Новая квартира очаровала меня. Новая плита, новый, выкрашенный коричневой краской пол, свежеокрашенные стены, в кухне на стенах — яблоки и груши, в комнате — красные розы.
И садик, свой собственный, здесь пахнет землей и привядшей мятой. Клумбы обложены чурками, отодвинешь — а по глине мечутся серые мокрицы, я хватаю одну, но она сворачивается клубочком.
За садиком, возле шоссе, стоит дерево. Такое могучее, что обхватить его я не могу, кора содрана, ствол весь в мозолях и наростах, он кажется мне железным. С костистых ветвей свисают плоские коричневые стручки, дерево я ощущаю как нечто враждебное.
Более всего в новой квартире меня завораживает водопровод: повернешь кран — и в эмалированную раковину с шумом хлынет струя воды. Я подставляю под струю руку, брызги разлетаются по выбитому кирпичному полу, я призываю источник к порядку, и вода, послушная моей руке, течет совсем тихо, как я того хочу. Я пытаюсь заткнуть дырку в раковине, рука зябнет, передник намокает, в ботинках чавкает вода.
И уборная тоже для меня настоящий аттракцион, новая забава, я сталкиваюсь с таким достижением цивилизации впервые: потянешь за грушу на цепочке, и вода с легким шумом, словно набираясь смелости, вдруг вырвется наружу, а потом льется, спокойно журча. Я слушаю ее и пою длинные, бесконечные песни с десятком куплетов: «Осиротевшее дитя», «Балладу про водяного», — я фальшивлю, но пою с чувством, иногда, потянув за цепочку, даю разыграться буре, а кто-то бунтует снаружи.

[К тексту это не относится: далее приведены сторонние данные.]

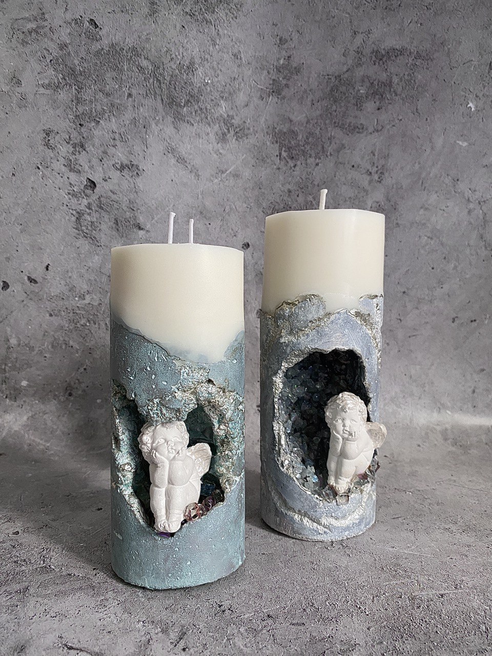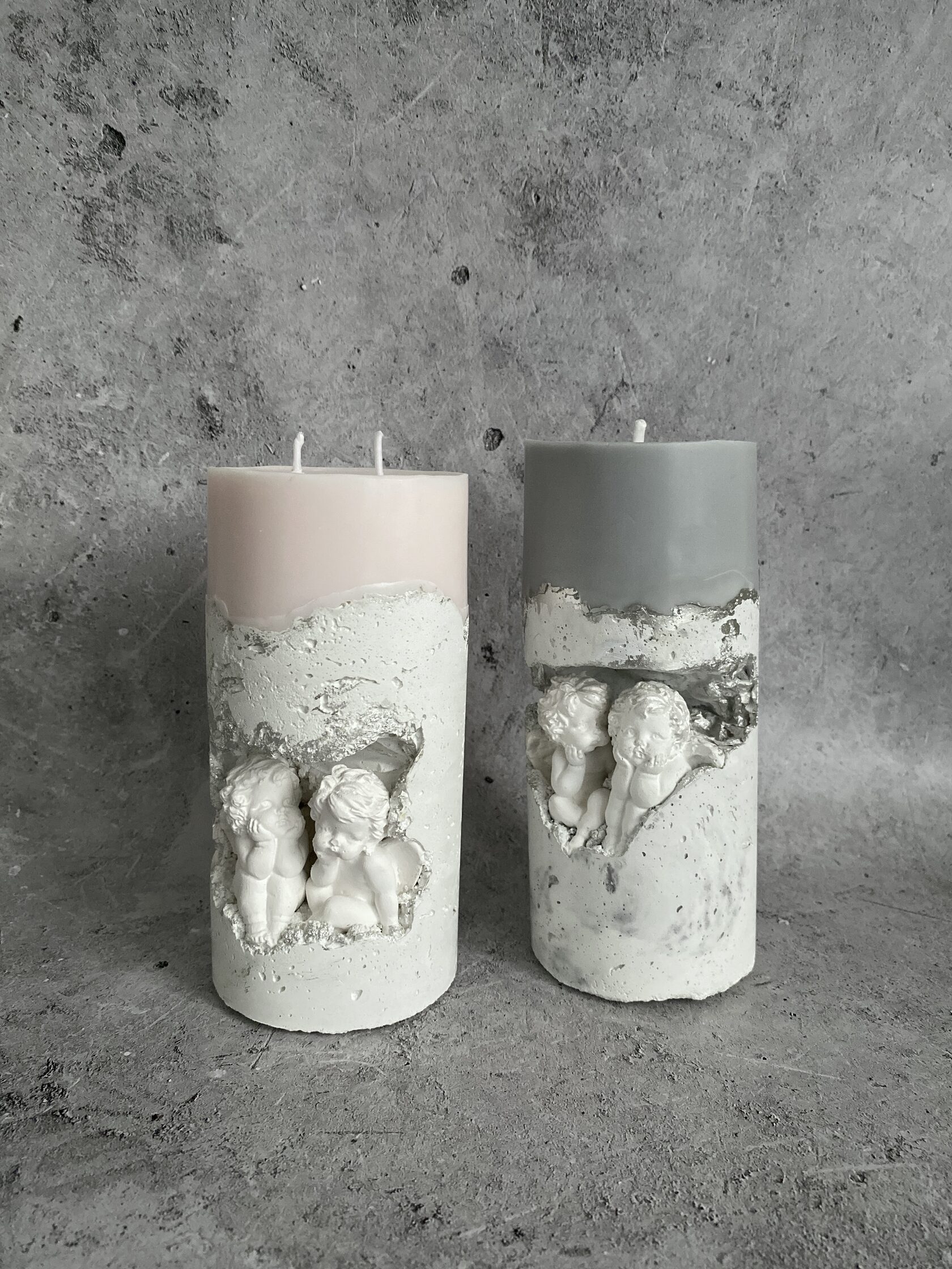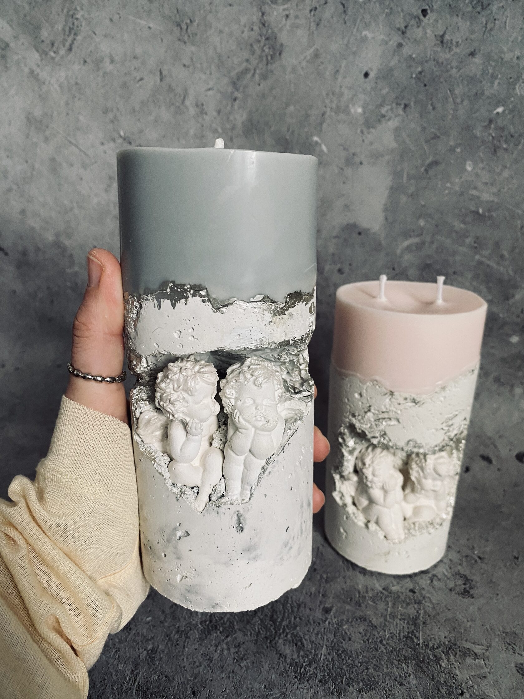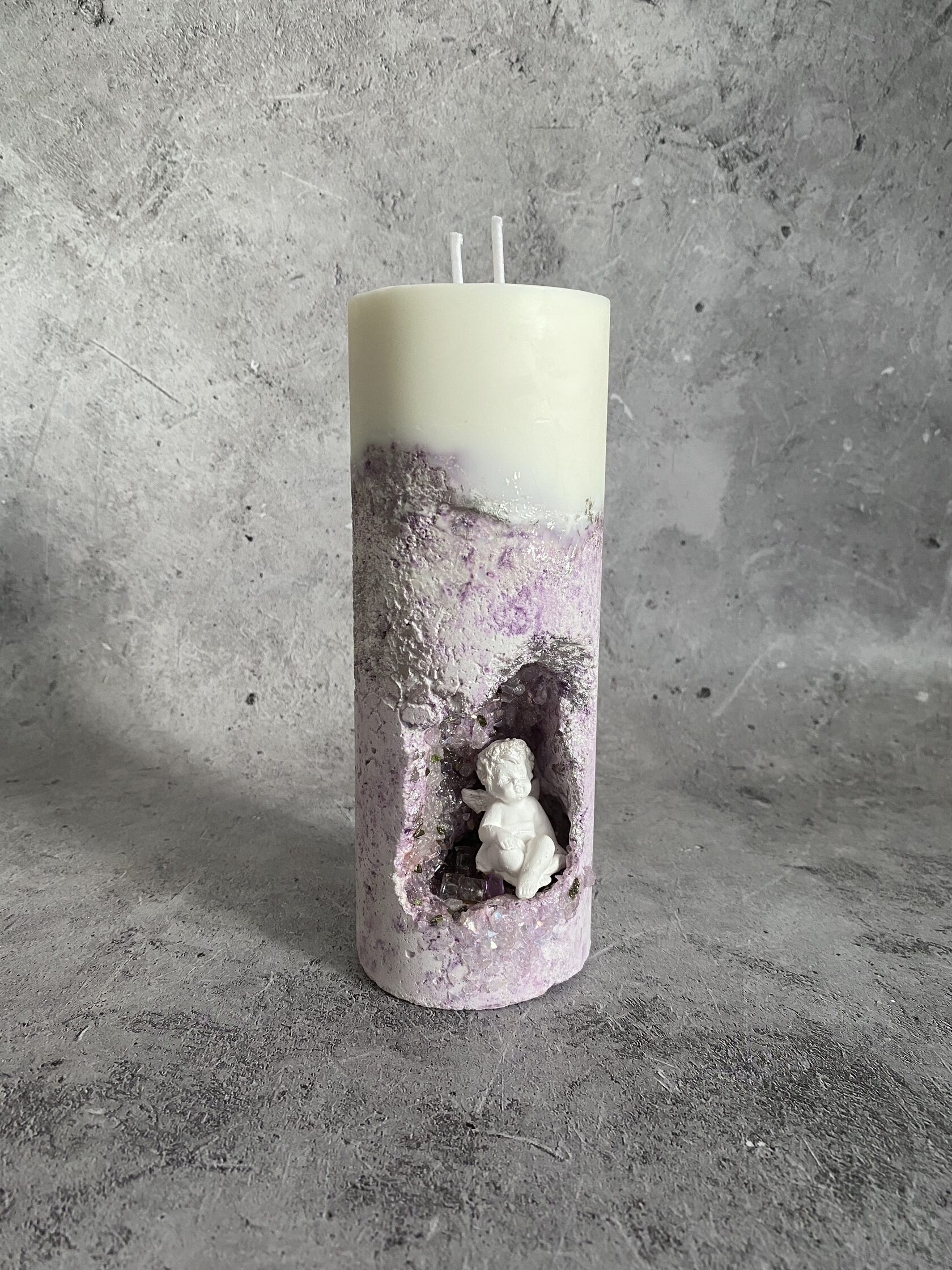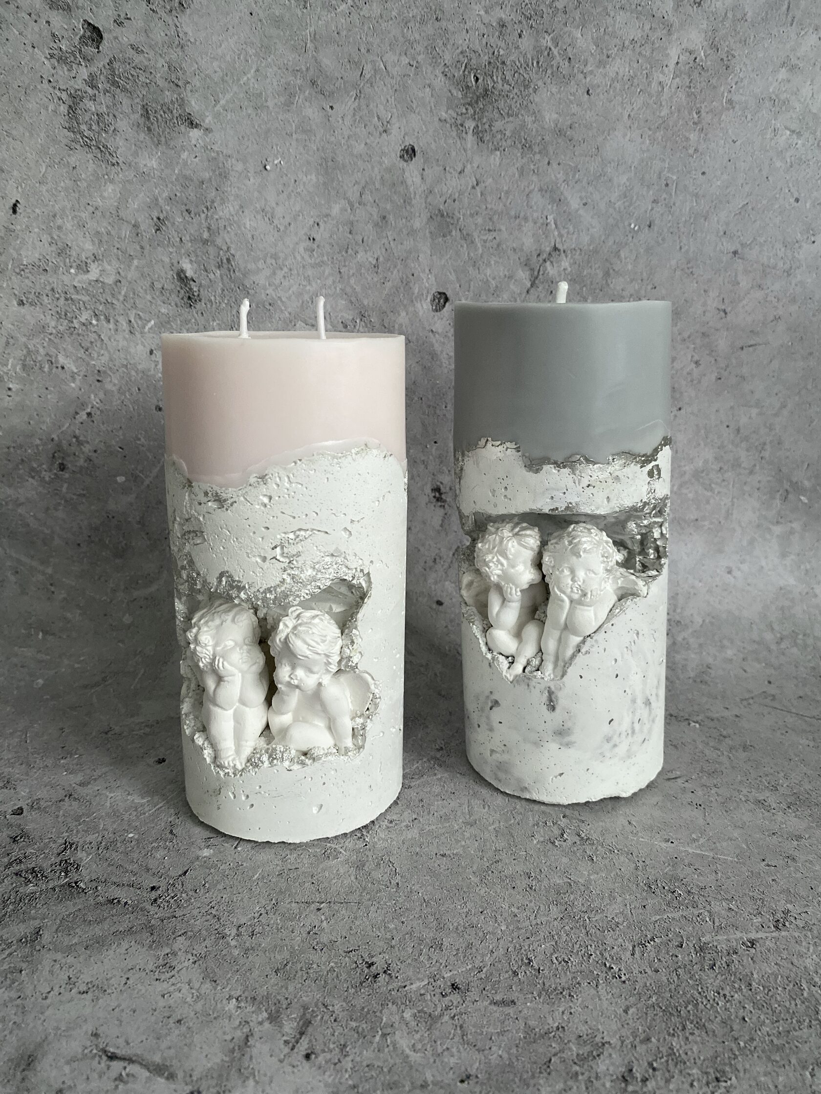 В самом сердце каменного ущелья, где суровые скалы хранят древние тайны, притаились два ангела. Не просто ангелы, а два Амура, чье присутствие наполняет это дикое место неземной красотой. Их нежность, их мечтательные лики, их античная грация создают невероятный контраст фактурой бетона. Ангелы, кажется, замерли в своих грезах, принося в этот мир частичку божественной любви. Это не просто подсвечник, это произведение искусства, где грубость и изящество, вечность и Все наши свечи можно гармонично компоновать между собой, создавая всё новые композициимимолетность сливаются воедино, рождая ощущен глубокой, почти осязаемой красоты.

Водопровод и клозет у нас общие с другими жильцами, мы живем на первом этаже, на второй ведет деревянная лестница. Наша верхняя соседка — вдова, краснощекая и пышная, я не слишком-то ей доверяю, я знаю, что вдовы ходят в черном и скорбят, а наша соседка постоянно звонко смеется. У нее два взрослых сына. Но я не различаю их, для меня оба на одно лицо.
Мы переезжали в самое серое время года, над домами нависло душное небо, и все здесь казалось чужим. Деревья, люди, заборы, дороги. Я бреду все дальше и дальше, я ищу хоть какую-то точку опоры, но домики все одинаковы, что один, что другой: обшарпанная штукатурка, жалкие палисадники, подслеповатые оконца. И над каждым — тяжелая туча, вот-вот навалится и все раздавит.
В Бубенече меня знали все, а здесь никто не замечает, никто не спросит, что поделывает мама, как дела у брата, даже дети избегают меня: мальчик пускает змея, девочка внимательно следит за своим мячиком, карапуз катит обруч.
Меня душит страх, может, я исчезла из этого мира, может, меня вовсе и нету, если на меня никто не обращает внимания. Я не реву, ни у кого не прошу, чтоб мне показали дорогу, я терпеливо пробираюсь переулками. Но смятение мало-помалу проходит, я уже знаю, что мы живем рядом с широким шоссе, где стоит то самое железное дерево и два белых столбика, запрещающие проезд машинам.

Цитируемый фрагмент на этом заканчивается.